I like 'em, if you could move them infront of somwthing with kess detail it might make your high lights and washes show through.


----------



## Khorne's Fist (Jul 18, 2008)

From what I can see I like them, but move them away from the red backgrounds. A plain white or light blue background would help alot.


----------



## normtheunsavoury (Mar 20, 2008)

Yeah, put them in front a plain background. Too much colour is washing out all the detail on the mini. A sheet of paper would do the trick, anything with less detail and less colour.


----------



## Bane_of_Kings (Oct 28, 2009)

Nice death company, looks awesome.


----------



## Ste (Aug 28, 2008)

Cheers guys, will get a big sheet of white paper from Asda or the like to stick behind them for future photos  also what do you think about the idea for golden sergeants? like my terminators and devestator?

-ste-


----------



## edd_thereaper (Oct 21, 2008)

i like the idea, it makes them stand out more, and they are more recognisable

it really pays off if you spend extra time on sgt's and characters, and from what i can see its looking good so far

cheers

edd


----------



## Ste (Aug 28, 2008)

Thanks for the comments


----------



## Ste (Aug 28, 2008)

UPdate - Have finnished my devestators and have jsut ordered some Sanguinary guard and astorath the grim  will have pictures up on sunday  

-ste-


----------



## Ste (Aug 28, 2008)

Terminator sergeant is done from the second squad, dred needs some more work but il post up what i'v done 


-ste-


----------



## Ste (Aug 28, 2008)

Well, today i was rather bored with the AOBR dreadnought pictured above. Soo i used some COD and Tyranid claws and my Space hulk dead termie on throne to create a librarian dred . 
I will post some pics of him up later on, still needs heavy Green stuffing and painting. he is undercoated in gold at the moment and has lots of gaps and rips from where iv cut out the front of the dreadnought to make him. 


-ste-


----------



## retiye2 (Oct 20, 2008)

Is that the one that is posted in the other part of the hobby section?
If so it looks amazing, and you should link it in here so everyone can see your creation.

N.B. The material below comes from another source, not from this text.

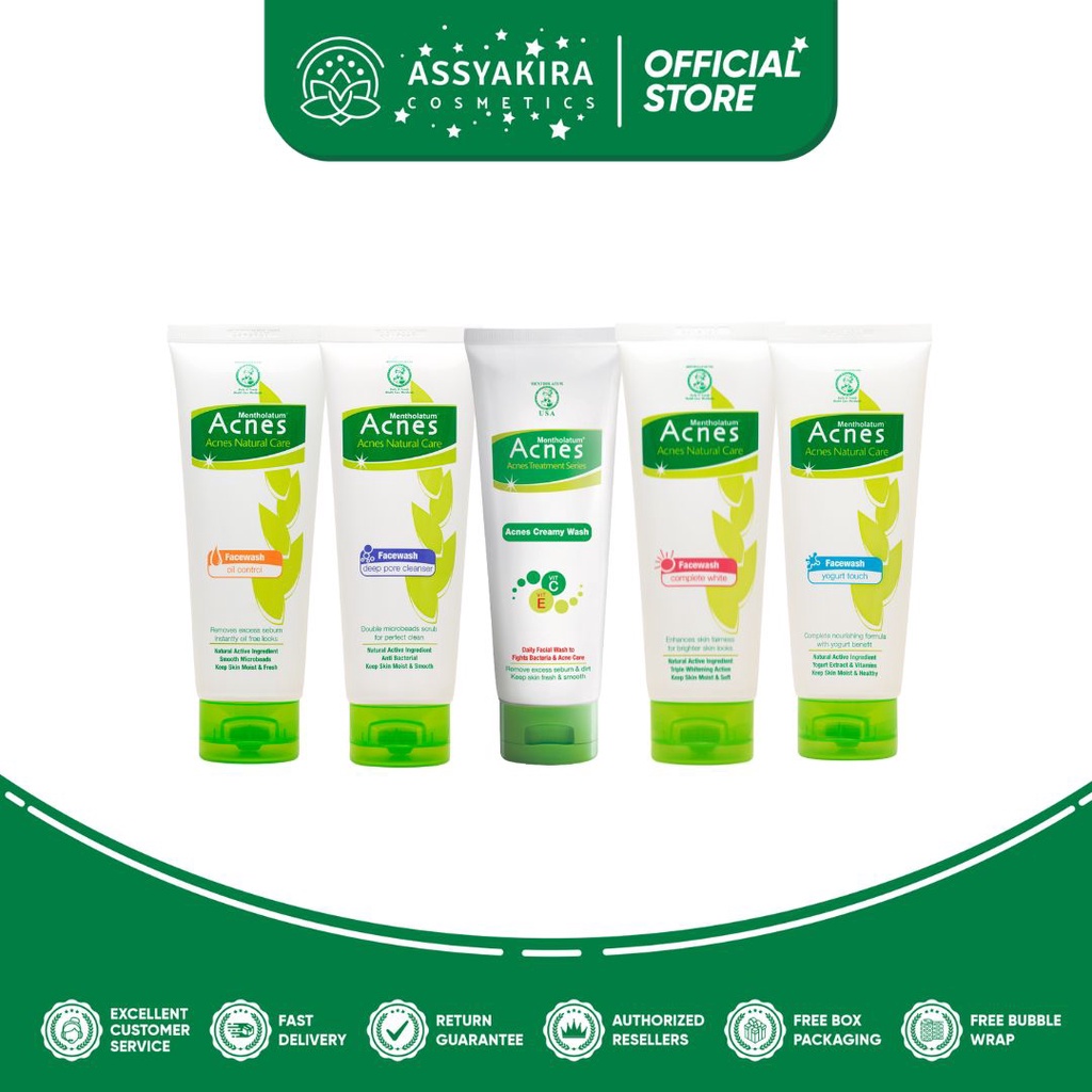 Acnes Natural Care Face Wash 50gr 1. Facewash Yogurt Touch, mengandung Yogurt extract yang dapat menjaga tekstur kulit agar selalu halus dan menutrisi kulit agar lembap dan sehat 2. Facewash Oil Control, mengandung kombinasi 8 extract tanaman untuk oil control yang mengurangi minyak berlebih dan mencegah jerawat 3. Facewash Complete White, mengandung triple whitening; Bearberry extract, Arbutin dan Vitamin C yang dapat mencerahkan kulit dan mengurangi flek hitam 4. Facewash Deep Pore Cleanser, mengandung Double Micro ead dari natural scrub yang dapat mencegah komedo dan membersihkan sel kulit mati.

One thing, I am relatively new to 40k... being a fantasy man, but I have never heard of a libby dread. Is it a count as model? If so, for what?


----------



## Orochi (Jan 28, 2009)

Lib-dread is one of the ridiculous units in the BA codex.


----------



## Ste (Aug 28, 2008)

Yeah i know but i couldnt resists having an AV 13 librarian with a Str 10 power weapon lol any who heres a picture from my other post 

-ste-


----------



## sanguinius noob (Apr 16, 2010)

very nice! good idea 

+ rep!


----------



## Ste (Aug 28, 2008)

update: just sprayed up my sanguinary guard and my Dante, will post pics up soon 

-ste-


----------



## Ste (Aug 28, 2008)

After a long while of doing and of my angels mortis here is one of my tactical sergeants armed with power axe and combi plasma which i have stuck on the axe similar to a custodes style weapon.


----------